Under terms of the agreement, SGP shareholders are to receive 0.5767 shares of MRK common stock and $10.50 in cash for each share of SGP common they own, based on the trailing 30-day volume-weighted average price of MRK stock at $27.3109. This transaction values each share of SGP at $26.25 and thus offers SGP shareholders a 34% premium to the stock’s prior-day price and a 44% premium to the average closing price of the two stocks over the prior 30 trading days. The deal is being financed with $9.8 billion in cash, $8.5 billion in debt from JPMorgan Chase & Co. and $22.8 billion in MRK stock. After the dust settles, current MRK shareholders will hold 68% of the combined company; current SGP shareholders, 32%.
The deal is being structured as a reverse merger, with SGP as the surviving company taking on the MRK name but retaining MRK’s CEO Richard Clark, in order to smooth out what could be a stumbling block to the combination. SGP has a marketing agreement with Johnson & Johnson (NYSE: JNJ) for the anti-inflammatory drug Remicade, and could lose control of the drug if there were to be a change in control at SGP. Whether such a legal tactic will mollify JNJ—it will almost certainly not—remains to be seen, and SGP may have to negotiate the international rights to Remicade at a fair price. This merger may also be vulnerable to anticompetitive concerns, particularly in the area of animal health. If past is prologue, some portion of the animal health segment could be sold off to appease authorities and to focus on human pharmaceuticals.

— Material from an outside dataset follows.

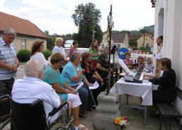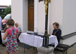Pouťová mše u kapličky v Sousedovicích s páterem Janem Löffelmannem v neděli 18. srpna 2013.

The acquisition multiples are 2.3x revenue and 12.5x EBITDA. On the face of it, the P/R multiple suggests that the economic downturn has worked its way into pricing for pharmaceutical companies. Comparison of this multiple and the 2.9x multiple in January’s Pfizer-Wyeth $68.0 billion deal with multiples in prior years would indicate that pricing has indeed slumped. The chart above shows the average and median P/R multiples for billion-dollar pharma deals from 2002 through 2008. For the past five years, the median price has hovered around 3.6x. However, what we don’t clearly know yet is whether the deal’s 2.3x multiple reflects an actual change in market pricing, whether it has built in the possible loss of value due to the potential brouhaha over Remicade and SGP’s animal health unit, or whether a low multiple was intended to entice bankers to finance the deal. We’ll have a better grasp as further details emerge.
Analysts noted in the day or two following the original announcement that the stock market did not appear to react to what would have been bullish news in other times and other markets. However, the lagging effect noted in our cover story may be at play here. The four weeks following the announcement saw the DJIA rise week over week.
JPMorgan provided MRK with financial advice on this deal; Goldman Sachs provided SGP with similar advice. As we were going to press, MRK and JPMorgan had already completed the primary syndication of $7.0 billion of a new MRK credit facility with commitments from eight additional co-arrangers: Bank of America, BNP Paribas, Citi, Credit Suisse, HSBC, The Royal Bank of Scotland plc, Santader and UBS.
Finally, we somehow doubt that even after helping to shepherd his company through the merger, Schering-Plough’s Mr. Hassan will want to ease himself into retirement. He readily admits that he is a workaholic and has no major hobbies, so he will be available to head up another company.